There was of course much pub and day drinking down the bay, with a visit to Cadwallader's ice cream café being a necessity, as was Waterstones. I got a lot of reading done in this trip, which means by backlog of things to blog is now even longer. I call that a success. There was also a food festival, and I'll likely be changing my profile photo as a result.

The end of the trip proved doubly rewarding. First, I got by far and away the most positive first referee report to a paper I've ever had (thank you, kindly and well-timed constructive reviewer !). The last paper I co-authored (to be blogged here in the near future) was also accepted just before the holiday started, but that had the usual protracted back-and-forth : nice to finally resolve it, but that doesn't really undo the months of mostly unnecessary wrangling. So to finally get a reviewer who just likes the paper from the outset is... well, for once I don't have to go on a rant about the need to reform peer review, and that, frankly, is just bloody great.

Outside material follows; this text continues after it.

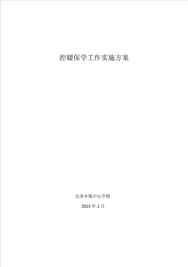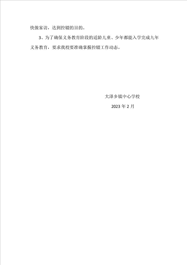 【控辍保学工作方案】大泽乡镇中心校2023年控辍保学工作方案

Second, if we'd waited two years for this trip, we'd waited even longer for this wonderful moment at the end :

I think I can look at this for some time to come and get a happy.

We watched the full news coverage of this for two days straight. After having endured this lying, contemptible, delusional fascist scumbag grind the country's reputation into the dirt for far too long, the release was almost cathartic - tempered only by uncertainty about who comes next*. Perhaps auspiciously, that same day the conservatory window spontaneously shattered and the washing line broke. I'm fairly sure this is the doings of the ghosts of my Conservative grandparents, although a significant caveat is that Boris Johnsons is to the Conservative party what a circus lion tamer is to serious wildlife preservation efforts.

* I've thought about writing a scathing political obituary to the racist piece of self-serving egomania, but I've decided not to bother. You may recall my last protracted anti-Boris rant ended with "fuck off Boris" and off he has jolly well fucked, so I'm satisfied. Defending a sex offender was, it seems, the straw that broke the camel's back, and there is scarcely a need for me to shout loudly from the rooftops, "I TOLD YOU SO YOU SODDING MORONS !" although I'd very much like to.

And then we did the whole thing in reverse. This time the dogs immediately accepted the ferry as their temporary home; we spent only a day in the Netherlands before catching the again miraculously smooth series of trains back to Prague. 

Well, there you have it. Cardiff remains a lovely place despite the current assorted crises (as well as its stupid 20 mph speed limits), and finally being able to show everyone the marvel that is the papillion was as good as I hoped. I re-iterate that slowing things down, taking the ferry instead of the plane, is just incomparably nicer. But now it's time to get back to science.